Spark存储体系

作为分布式应用,Spark的数据存储在不同机器上。这就涉及到数据的传输,元数据的管理等内容。而且由于Spark可以利用内存和磁盘作为存储介质,这还涉及到了内存和磁盘的数据管理。

Spark存储体系架构

spark-store存储体系架构

Spark存储(主要由BlockManager来完成)主要完成了写入数据块,如果需要备份数据块,则将数据块写入其他节点;读取数据块,如果当前节点不含有数据块,则从其他节点获取数据块;向Driver节点注册自身的BlockManager,以及上报其所管理的数据块信息。

Spark使用BlockInfoManager来管理当前节点所管理的数据块的元数据,维护了BlockId(数据块的唯一标识)到BlockInfo(数据块元数据)的映射关系。使用内存(MemoryStore)和磁盘(DiskStore)来存储数据块。

Spark使用BlockManagerMaster使Executor的BlockManager与Driver进行通信,向Driver注册自己,并上报数据块信息。Driver通过Executor BlockManager的BlockManagerSlaveEndpoint向Executor发出删除数据块/Rdd/Shuffle/Broadcast等数据。

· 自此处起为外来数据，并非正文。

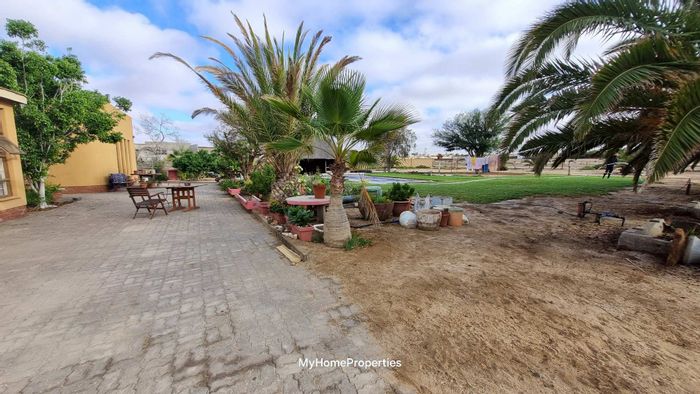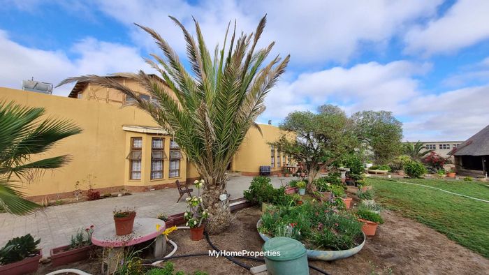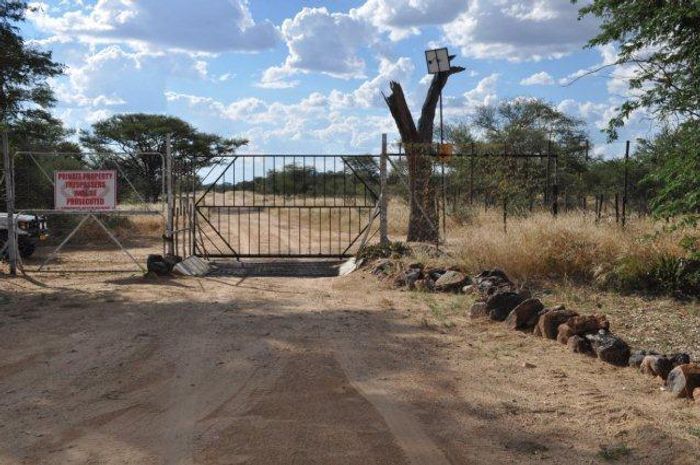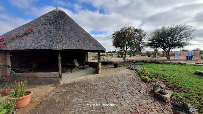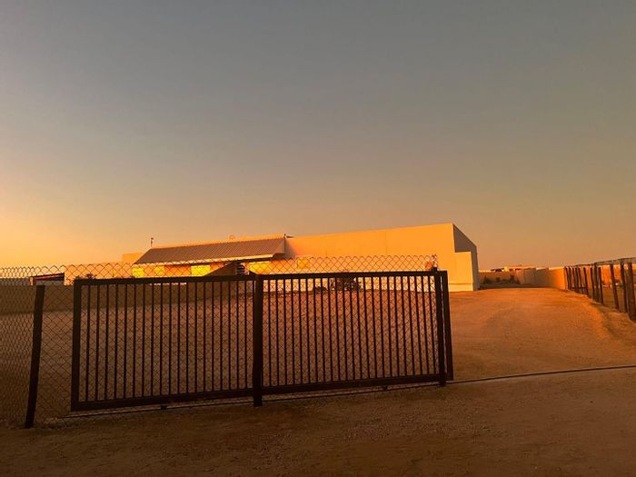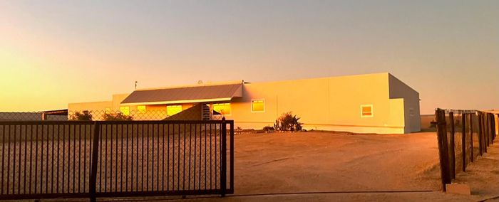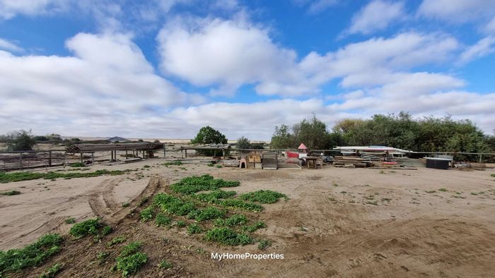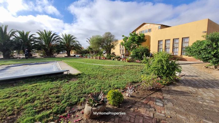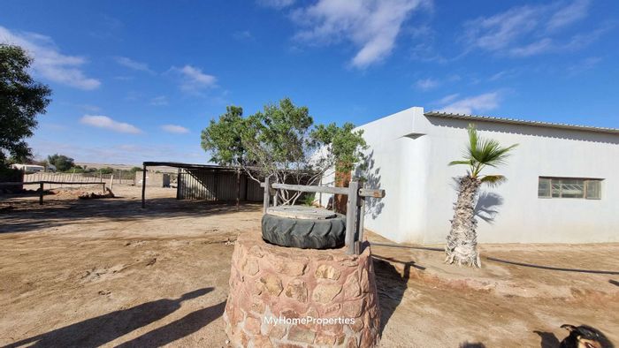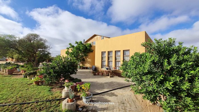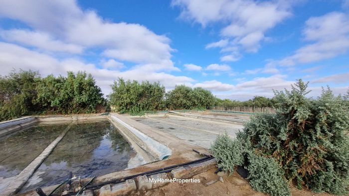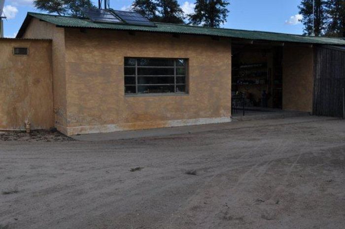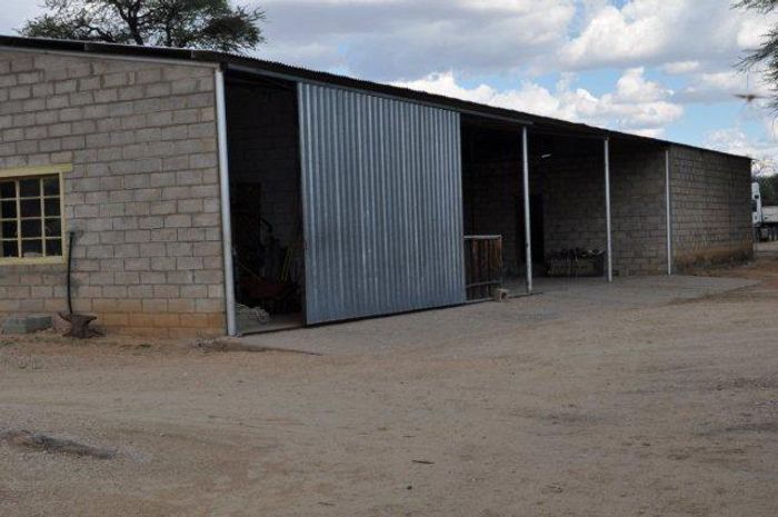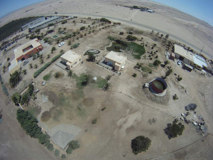 204HA property in Omaruru for sale, featuring game fencing, boreholes, houses, flats, staff accommodation, and various agricultural facilities.
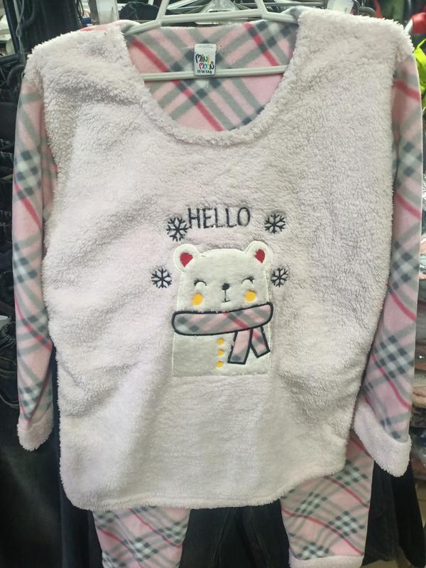 тепла піжама для дівчаток. в комплект входить кофта і штани. рукава кофти на манжетах, штани на резинці, знизу на манжетах. м'якенька і тепленька. виробництво Туреччини.
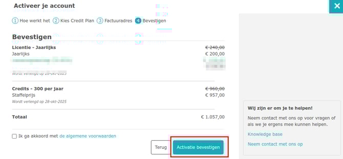 Controleer het totale aantal credits dat je hebt geselecteerd en de gekozen licentie. Klik vervolgens op 'bevestigen' om je keuze vast te leggen. Houd er rekening mee dat het na deze stap niet mogelijk is om het aantal credits te verminderen.
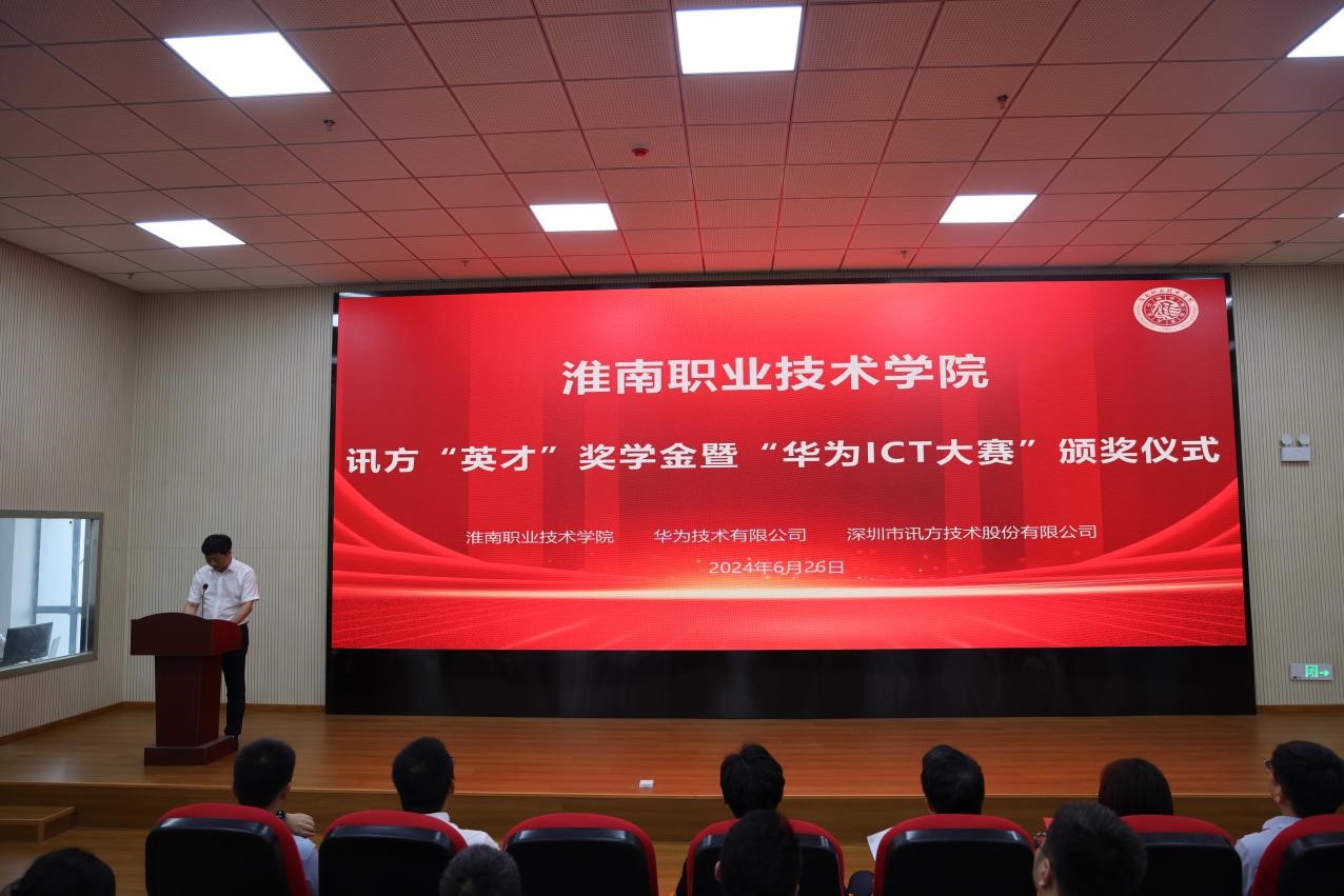 参观结束后,阜阳科技职业学院的代表受邀共同参加了讯方“英才”奖学金、华为 ICT 大赛颁奖典礼。典礼上,袁爱清指出,学校一直致力于为学生提供全面、优质的教育资源,不仅注重学术知识的传授,更重视培养学生的创新思维和实践能力,正是秉持这样的育才理念,学校才得以培养出了一批批优秀的人才。随后,今年会副院长曹祺、华为云生态发展与运营部部长戚光裕以及讯方技术华中片区总经理易君等发表讲话,表达了他们对今年会官网的美好祝愿,并期待在未来能够取得更进一步的合作,此次颁奖典礼还邀请了学校和企业领导为获奖学生颁发荣誉证书,表彰在学业、实践及品德方面全面发展的优秀学生,以激励他们不断追求卓越。
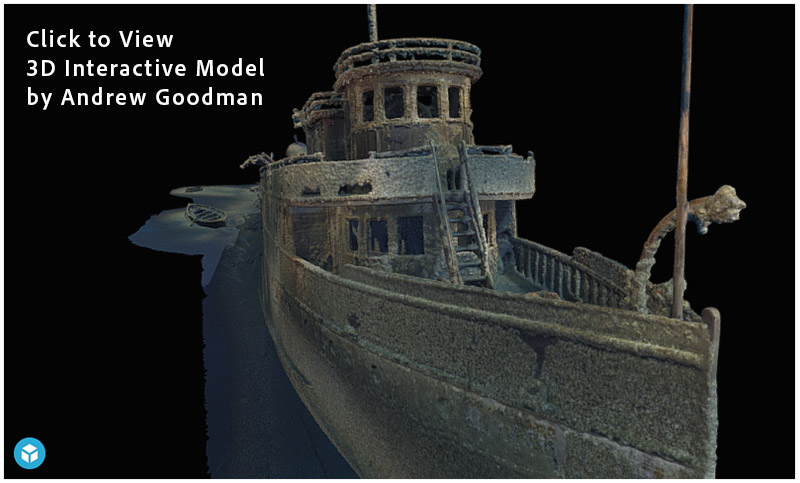 Apart from the collapsed stern, the wreck is mostly intact. It is the very definition of a “Hollywood wreck,” sitting upright in 210 ft (64 m) of water off Griffith Island in Georgian Bay, Ontario (Lake Huron). Its modest depth makes it accessible to normoxic trimix-trained technical divers who are comfortable in cold water, while still allowing ample bottom time to explore.
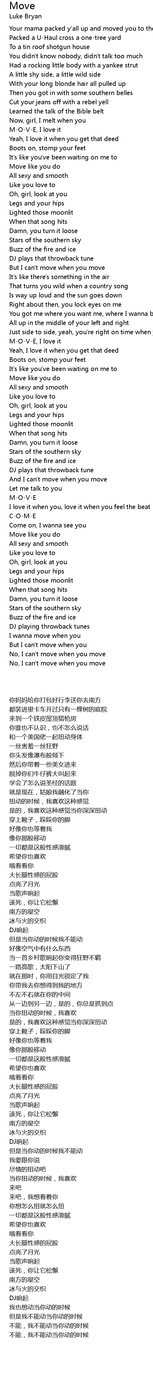 But I can't move when you move |
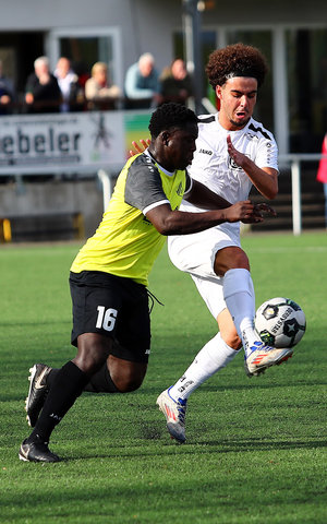 [Mohamed Loum im Zweikampf mit dem Niehler Erik Velaj.]
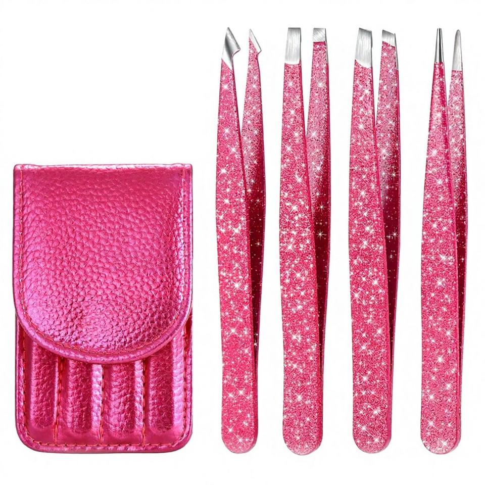 4 Piece Customized Finish Men Women Use High Quality Durable Lightweight Slanted Stainless Steel Classical Eyebrow Tweezers
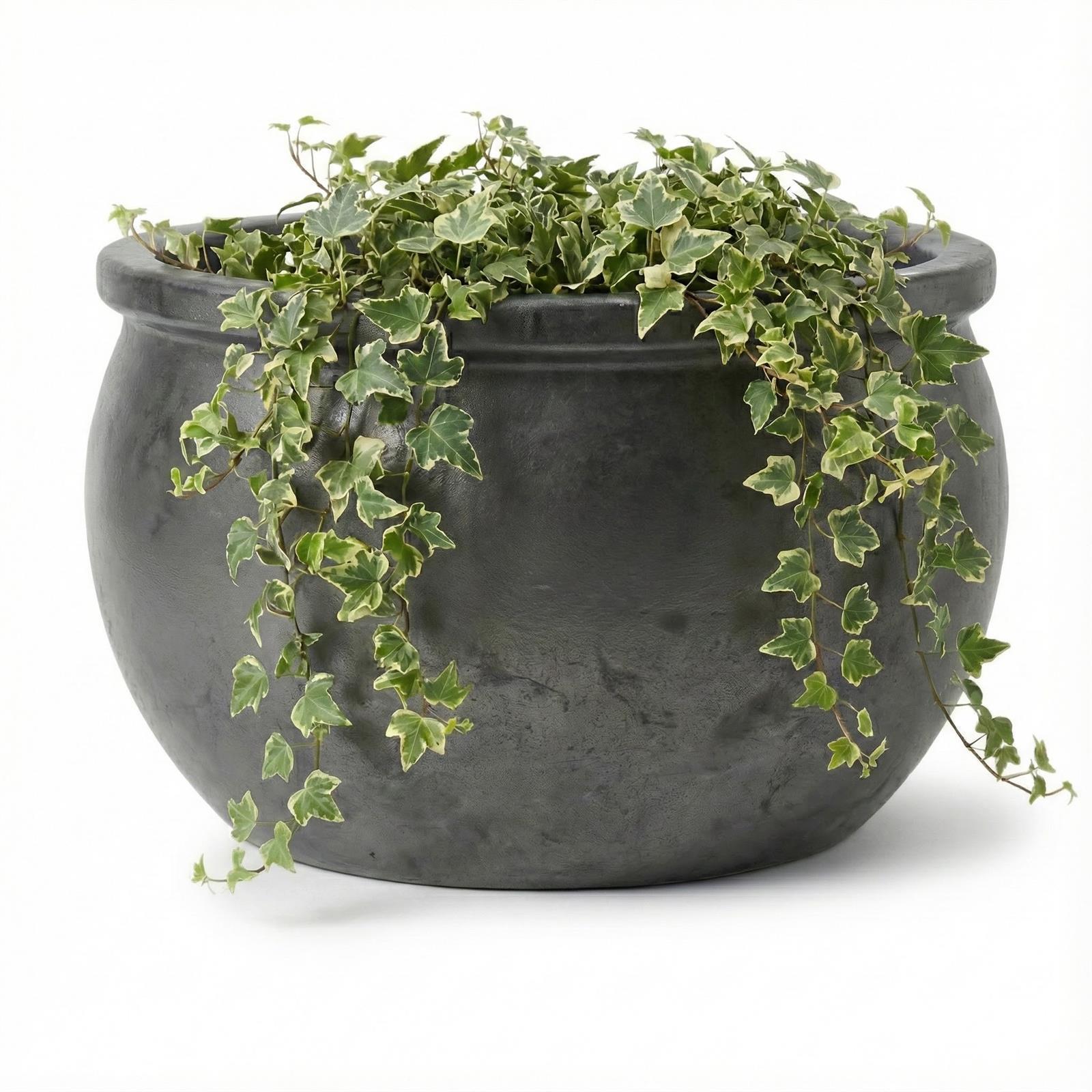 Modern, zeitlos und extrem robust: Diese massive Pflanzschale in dunklem Anthrazit ist der perfekte Kontrastgeber für Ihre Pflanzen. Die tiefgraue, fast schwarze Glasur lässt das frische Grün von Buchsbaum oder die leuchtenden Farben von Sommerblumen besonders intensiv strahlen.

Spark使用ShuffleClient来实现不同Executor BlockManager之间的通信。ShuffleClient中包含了一个TransportServer和一个用来创建client的TransportClientFactory,作为服务器和客户端实现Executor BlockManager之间的双向通信。

Spark设置了多种存储级别:

存储级别说明
DISK_ONLY 只使用磁盘存储
DISK_ONLY_2 只使用磁盘存储,并且有一个备份
MEMORY_ONLY 只使用内存储存储
MEMORY_ONLY_2 只使用内存存储,并有一个备份
MEMORY_ONLY_SER 只使用内存存储序列化数据
MEMORY_ONLY_SER_2 只使用内存存储序列化数据,并有一个备份
MEMORY_AND_DISK 优先内存存储,内存不足则使用磁盘
MEMORY_AND_DISK_2 优先内存存储,内存不足使用磁盘,并有一个备份
MEMORY_AND_DISK_SER 优先内存存储序列化数据,内存不足使用磁盘
MEMORY_AND_DISK_SER_2 优先内存存储序列化数据,内存不足使用磁盘,并有一个备份
OFF_HEAP 使用堆外存储(同MEMORY_AND_DISK_SER,只是使用堆外内存)

put block(写入数据块):在写数据块的时候,根据存储级别的不同,如果存储级别要求存储序列化/非序列化的数据,而输入的数据块是非序列化/序列化的,则要首先序列化/反序列化;如果支持内存存储,则将数据块保存到内存中,如果设置了MEMORY_AND_DISK之类的存储级别,当内存不足时,会将数据块写入磁盘。如果不支持内存存储,只支持磁盘存储,则直接将数据块写入磁盘。如果需要备份数据块,则将数据块同步的写入其他节点。

get block(获取数据块):获取数据块时,如果请求序列化的数据而存储级别是非序列化,则优先从磁盘中获取数据,如果磁盘获取不到,则根据存储级别尝试从内存获取数据并将其序列化;如果存储级别就是序列化数据,则首先尝试从内存获取数据,如果获取不到,则根据存储级别从磁盘获取数据。如果请求的是非序列化的数据,如果存储级别包括内存,则首先尝试从内存获取,如果获取不到,则根据存储级别再尝试从磁盘获取并反序列化数据;如果存储级别只包括磁盘,则直接从磁盘获取并反序列化数据。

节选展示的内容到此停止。